----- SUPPLIED RECORDS

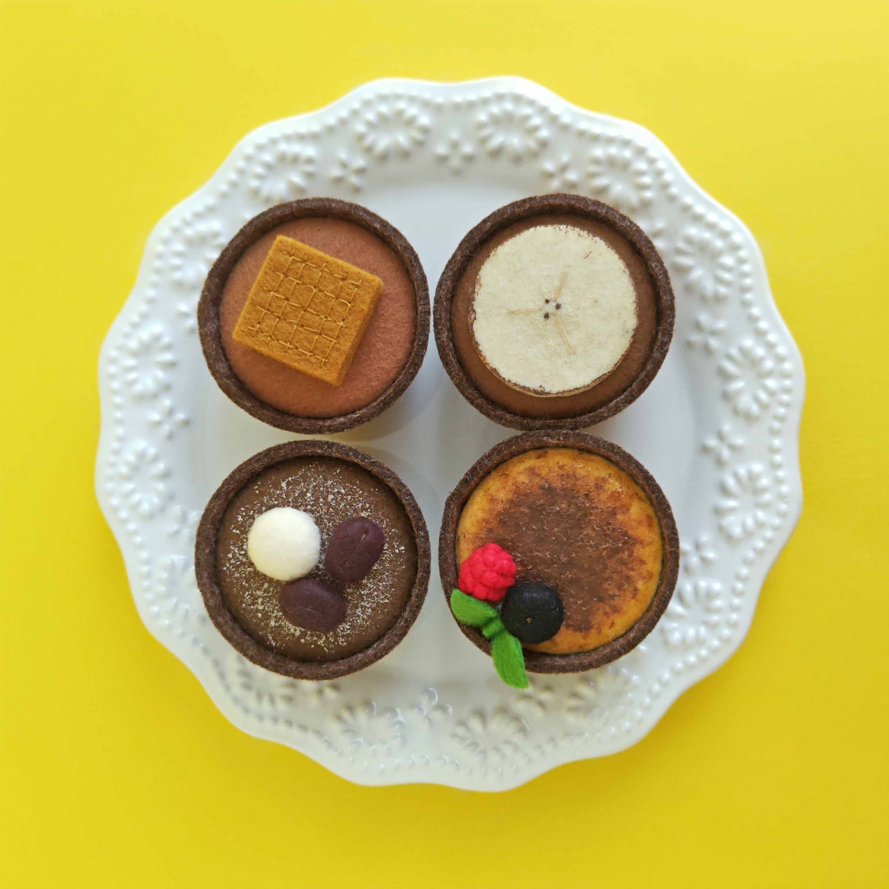 前回のフルーツ・はちみつに続き、ショコラも作りました。コーヒーショコラ、キャラメルショコラ、チョコバナナ、クレームブリュレ初めて作ったクレームブリュレ。キャラメリゼの炙って焦げ目をつけた感じを表現してみました。クレームブリュレ、最初はカスタードプリンにする予定でした。カラメルソースをどうするか、いろいろ試してみたけれどイマイチ納得いくものができず。それならクレームブリュレは?難しいかな?と思いながらもチャレンジしてみました。バナナも軽く焦げ目をつけました。
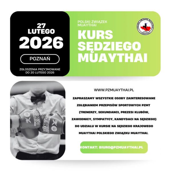 Poland’s National Referee Course focuses on Muaythai judging criteria, officiating standards, and federation rule education. Participants completing the theoretical examination qualify for practical officiating roles at sanctioned Muaythai competitions.
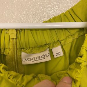 Eva Mendes lime green a line off the shoulder puff sleeve summer Dress boho L
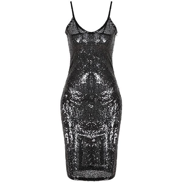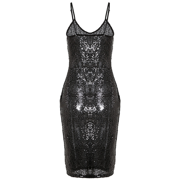 The dress in a soft and high quality material woven,with deep v-neck ,sleeveless and slim fit.Paillette
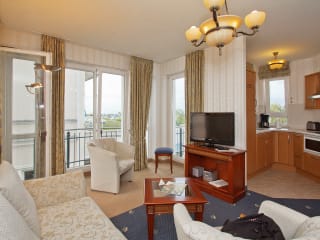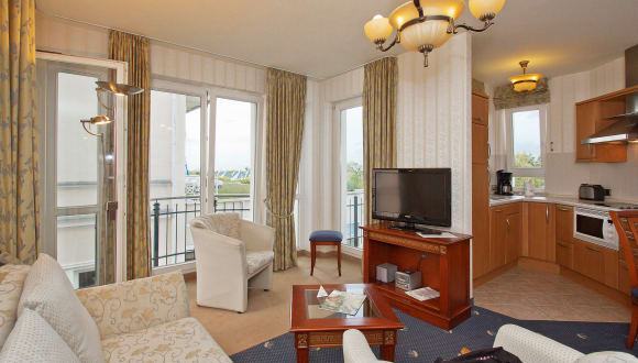 Diese 4-Sterne-Ferienwohnungen und Apartments genießen eine zentrale Lage im Ostseebad Ahlbeck direkt an der Strandpromenade und in unmittelbarer Nähe zur ältesten Seebrücke Deutschlands. Hier auf der schönen Insel Usedom liegt die SEETELHOTEL Ostseeresidenz Ahlbeck inmitten von wunderschöner Architektur im Seebadstil. Fast alle Suiten und Ferienapartments genießen eine Aussicht auf die Ostsee, den Strand und die vorbeifahrenden Schiffe. Freuen Sie sich morgens auf ein reichhaltiges Frühstücksbuffet und genießen Sie ein köstliches Buffet am Abend. Die Ostseeresidenz Ahlbeck ist ein idealer Ausgangspunkt zur Erholung in dieser natürlichen Umgebung, zum Einatmen der frischen Ostseeluft und zur Erkundung der Insel Usedom mit ihren langen Sandstränden. Lassen Sie sich von den Wellnesseinrichtungen des Hotels verwöhnen und nehmen Sie ein Bad im Innenpool. Darüber hinaus stehen Ihnen die Rezeption und die Wellnesseinrichtungen des Partnerhotels SEETELHOTEL Ostseehotel Ahlbeck zur Verfügung.
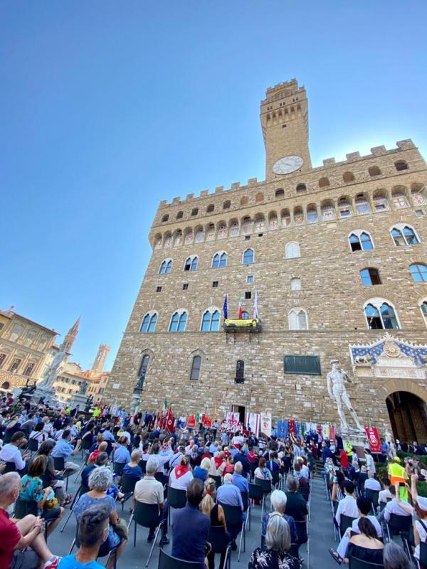 Da allora sono passati 77 anni ma siamo sempre qui in piazza della Signoria a ricordare quel momento come monito e segno di speranza. Non smetteremo mai di ringraziare chi ha permesso tutto questo. Quei "centomila morti" che sono oggi rappresentati nella nostra "legge".
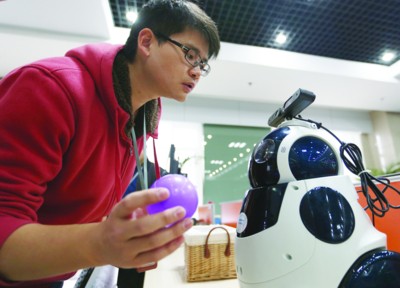 在科大讯飞的一个产品展示台前,已被研发出拥有浅层语义理解能力的讯飞第一代人工智能机器人“小智”,正向前来参观的人群表现自己的能力。科大讯飞总裁办副主任冯涛告诉记者,“从简单的语言听说到可以像人一样理解思考,已经成为科大讯飞在语言方面取得又一个新的战略制高点。”“举一个简单例子,以前科大讯飞的语音系统,当用户对机器提问明天天气如何时,通过语音辨识机器可以提供当天的气温、湿度或者紫外线强度等服务,但如今语音系统再遇到客户天气提问,则可以通过‘明天需要带伞、可以带上防晒霜等’类似大脑神经思考程序回答问题。”
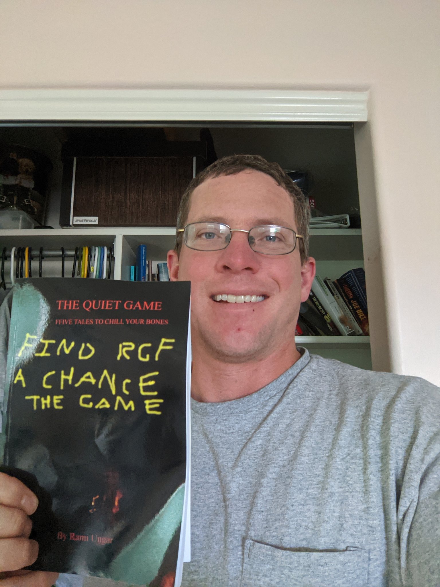 My friend and fellow author Allen Huntsman with his new copy of “The Quiet Game.” I look forward to hearing his thoughts.
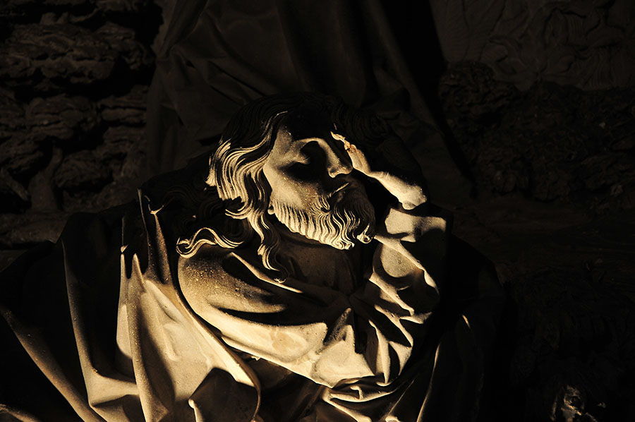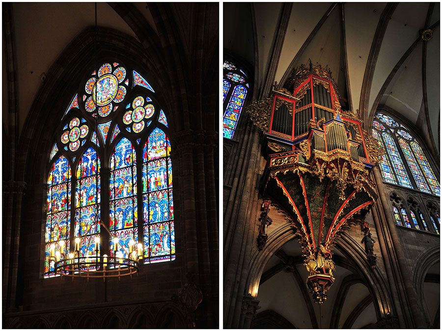 Et si la cathédrale d’Amiens est la plus vaste (promis, après j’arrête avec mon chauvinisme picard), celle de Strasbourg n’a rien à lui envier. Divisée en différents espaces, on avance de surprise en surprise dans chacun d’entre eux : tantôt on admire son bel orgue (inhabituellement situé sur le côté nord), tantôt ses vitraux dont certains sont relativement explicites, ou sa rosace imaginée et réalisée par Erwin von Steinbach, sans oublier les figurines de sa crèche napolitaine en cours de restauration ou l’impressionnante sculpture du Mont des Oliviers. Celle-ci est immense aussi ! 9m de longueur, 3,80m de largeur, et 5m de hauteur, rendez-vous compte ! Pas moins de 31 personnages y sont représentés … Pour pouvoir l’admirer, il vous faudra cependant insérer une pièce de monnaie dans une machine à sous située à côté… Le principe est un peu étrange… (Mais beaucoup de touristes n’y prêtent pas attention et paient la somme demandée, en faisant profiter les autres.)
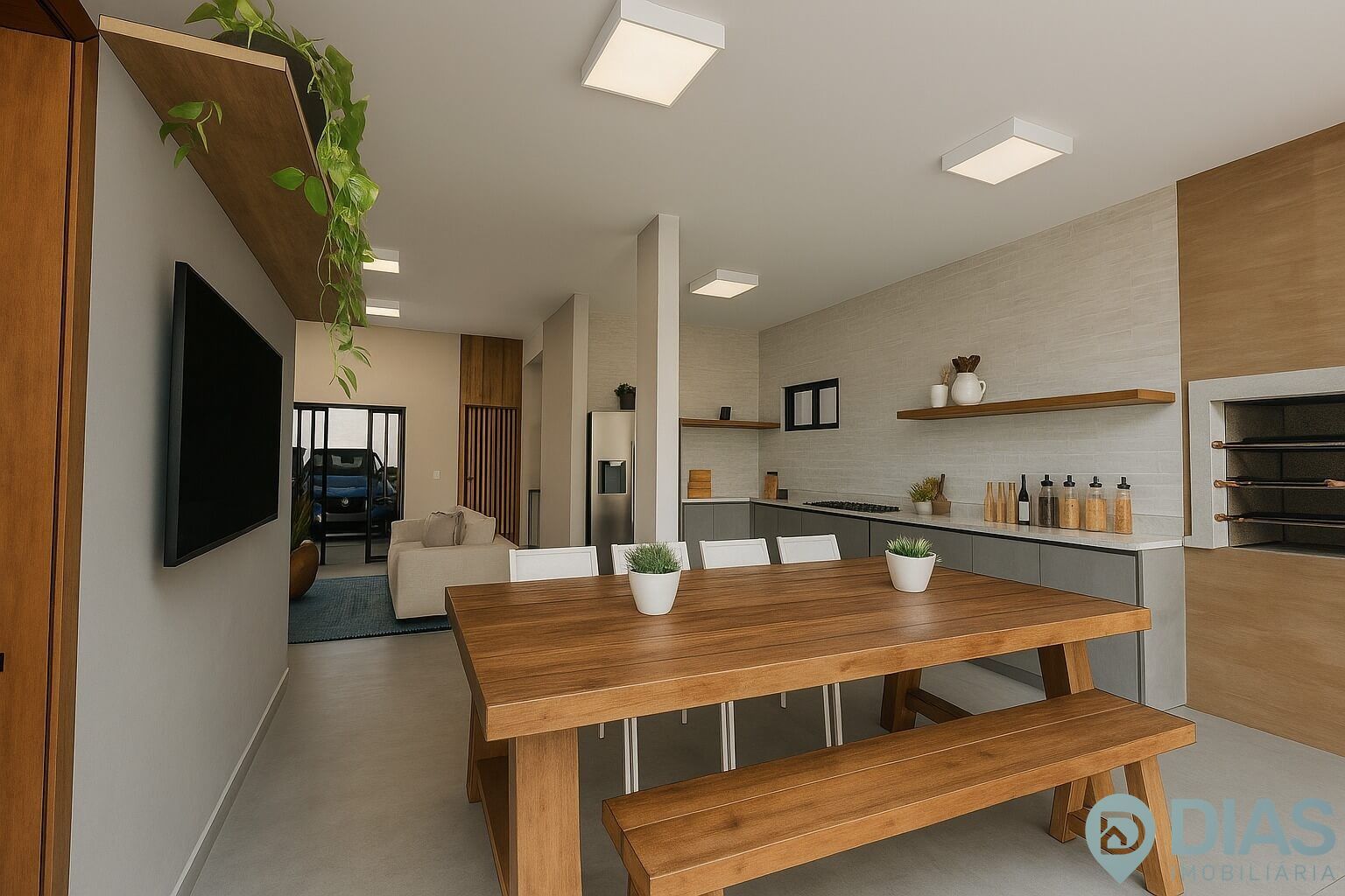 . Sala e cozinha integrados com área gourmet;
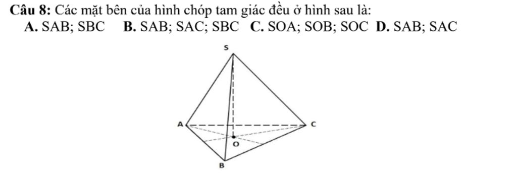 Các mặt bên của hình chóp tam giác đều ở hình sau là:
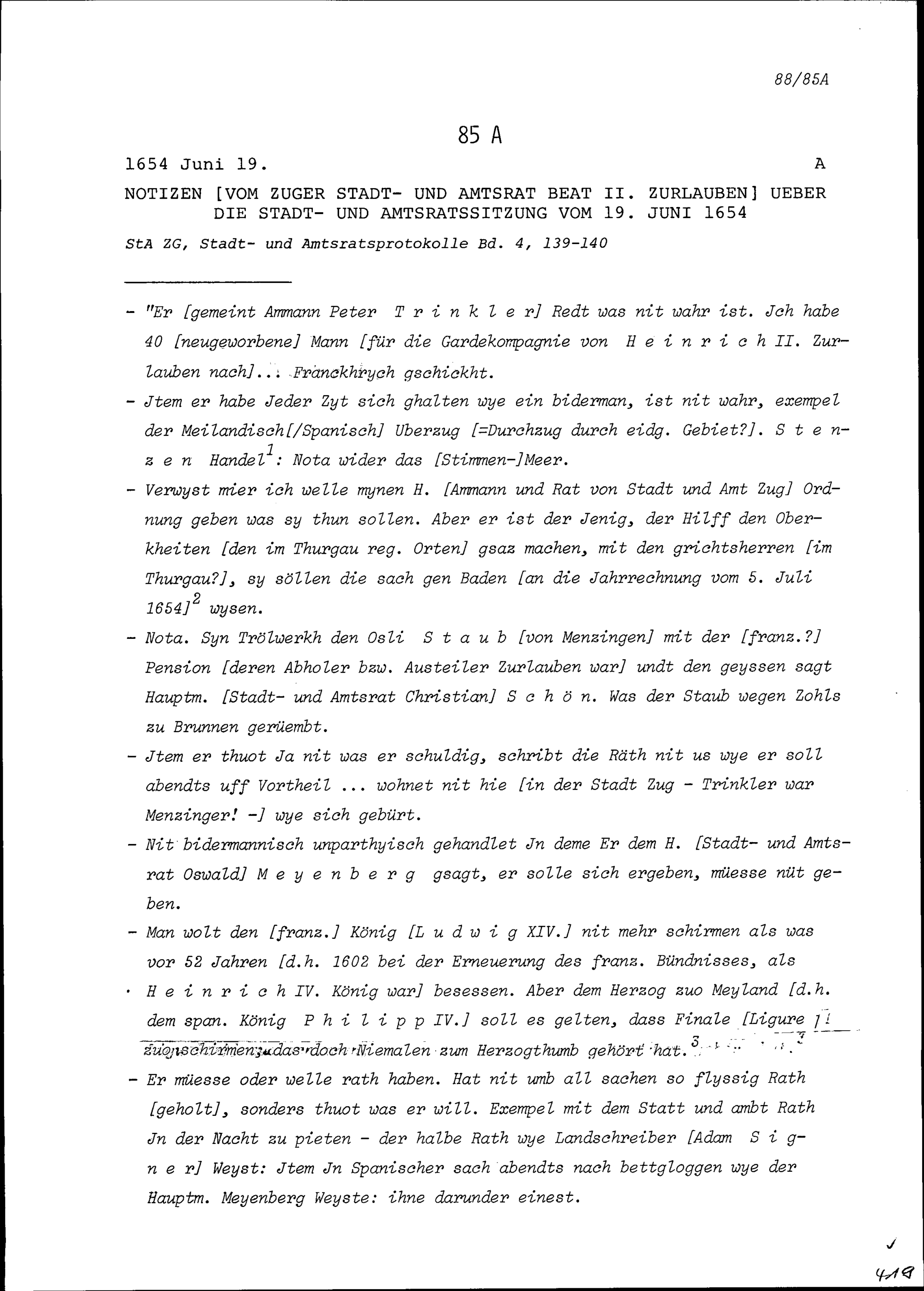 Notiz von Beat II. Zurlauben, Stadt- und Amtrat Zug, über die Stadt- und Amtratssitzung vom 19. Juni 1654
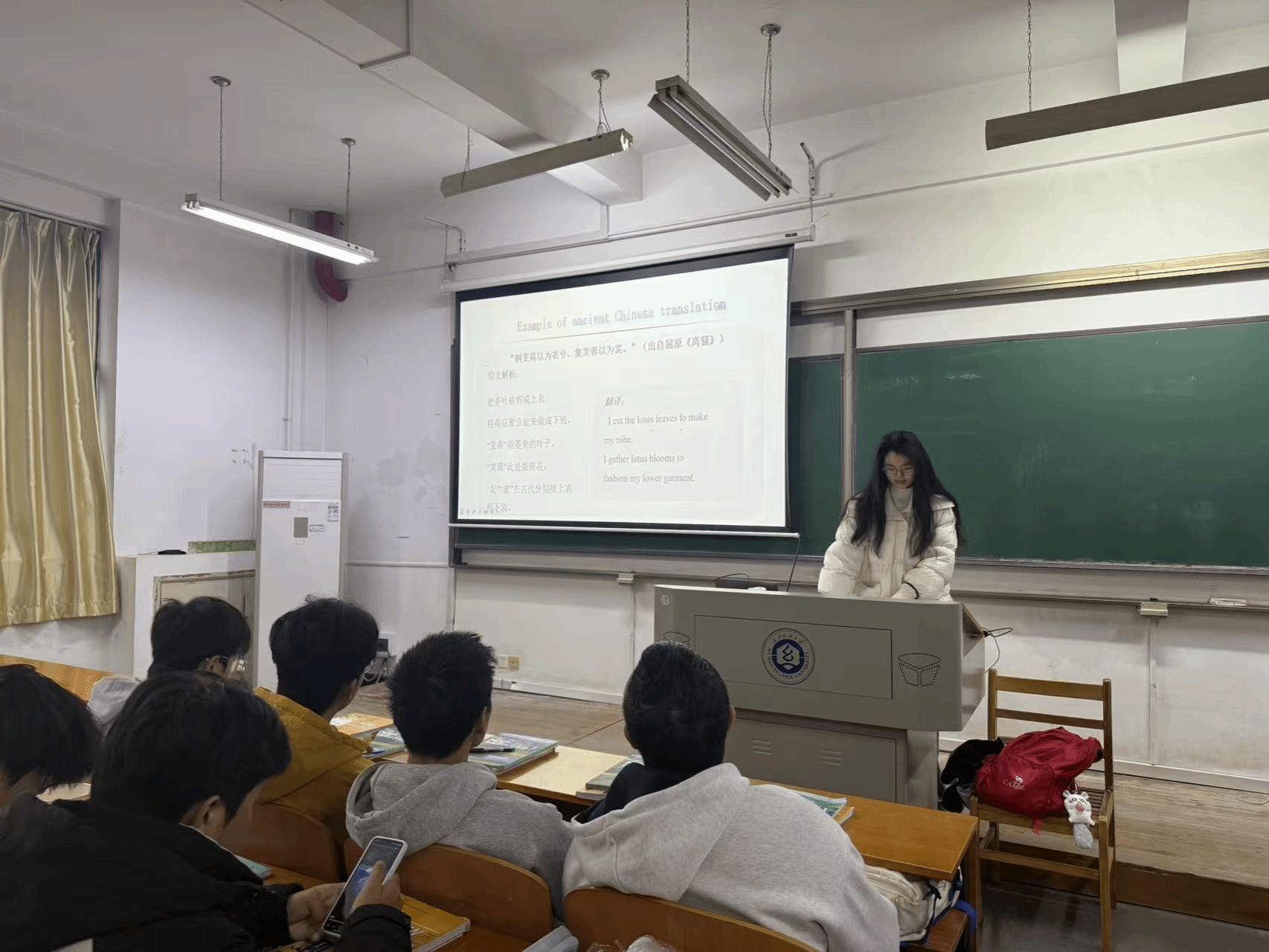 主办的第408期本科生论坛在阳光校区03-302教室顺利举行。本期论坛聚焦“中国古代服饰文化及其英译策略”,英语专业本科生梅涵喻、张枞、陈天雨;商务英语专业张思思同学等团队通过三场主题报告,深入剖析了汉服形制、等级符号的跨文化传播与翻译实践,为传统文明的现代表达提供了创新视角。
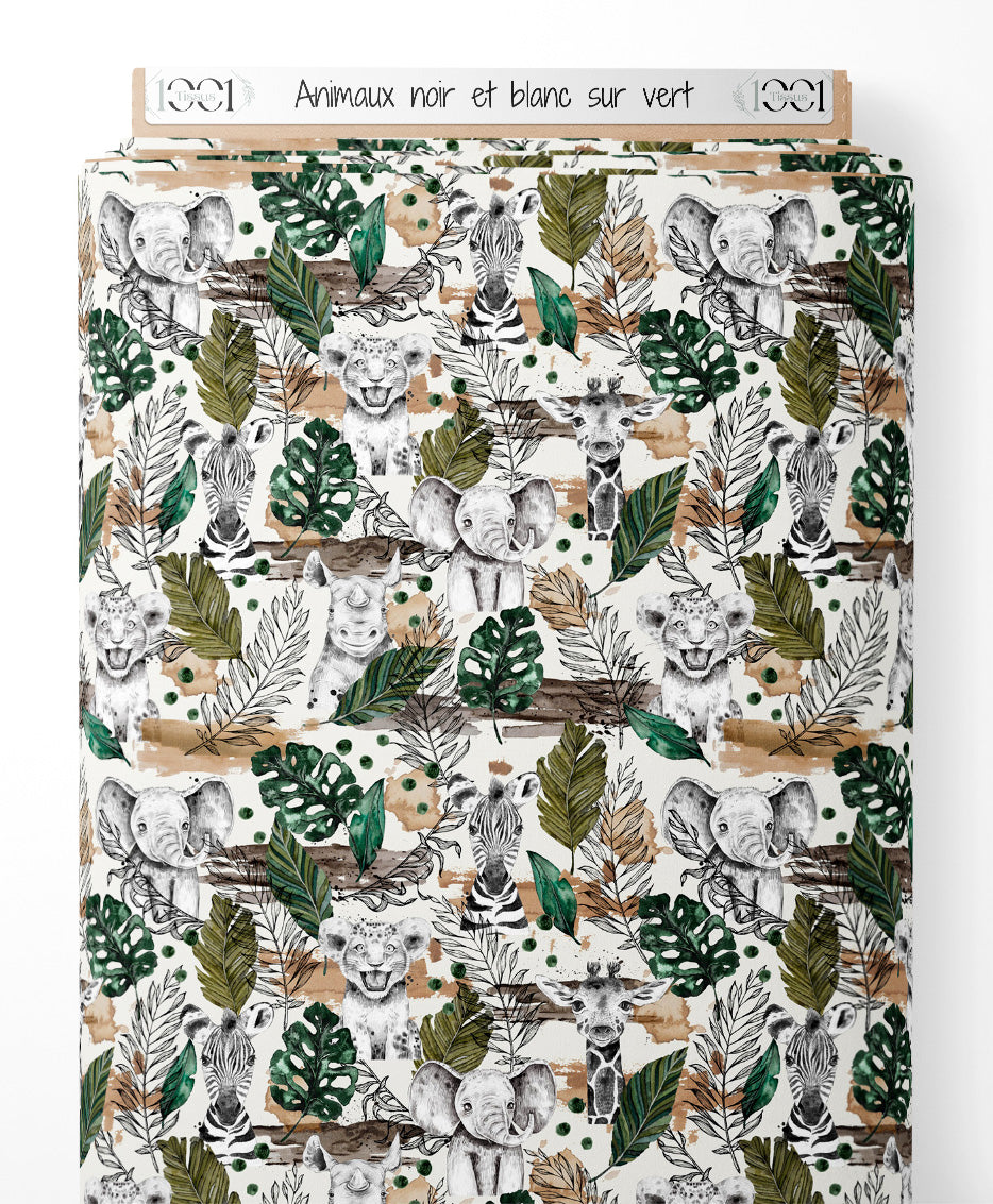 Les éléphants, zèbres et girafes sont dessinés en noir et blanc, entourés de feuilles vertes. Des rhinocéros et lions se mêlent au motif, ajoutant des nuances de brun. Les feuilles vertes apportent une touche de nature à l'ensemble.Les tissus

----------

## WHAT IS BEING ASKED
Skip the pictures and restate exactly the lines from the beginning of the listing to the line with "The dress in", that line included.

## TASK SOLUTION
 前回のフルーツ・はちみつに続き、ショコラも作りました。コーヒーショコラ、キャラメルショコラ、チョコバナナ、クレームブリュレ初めて作ったクレームブリュレ。キャラメリゼの炙って焦げ目をつけた感じを表現してみました。クレームブリュレ、最初はカスタードプリンにする予定でした。カラメルソースをどうするか、いろいろ試してみたけれどイマイチ納得いくものができず。それならクレームブリュレは?難しいかな?と思いながらもチャレンジしてみました。バナナも軽く焦げ目をつけました。
 Poland’s National Referee Course focuses on Muaythai judging criteria, officiating standards, and federation rule education. Participants completing the theoretical examination qualify for practical officiating roles at sanctioned Muaythai competitions.
 Eva Mendes lime green a line off the shoulder puff sleeve summer Dress boho L
 The dress in a soft and high quality material woven,with deep v-neck ,sleeveless and slim fit.Paillette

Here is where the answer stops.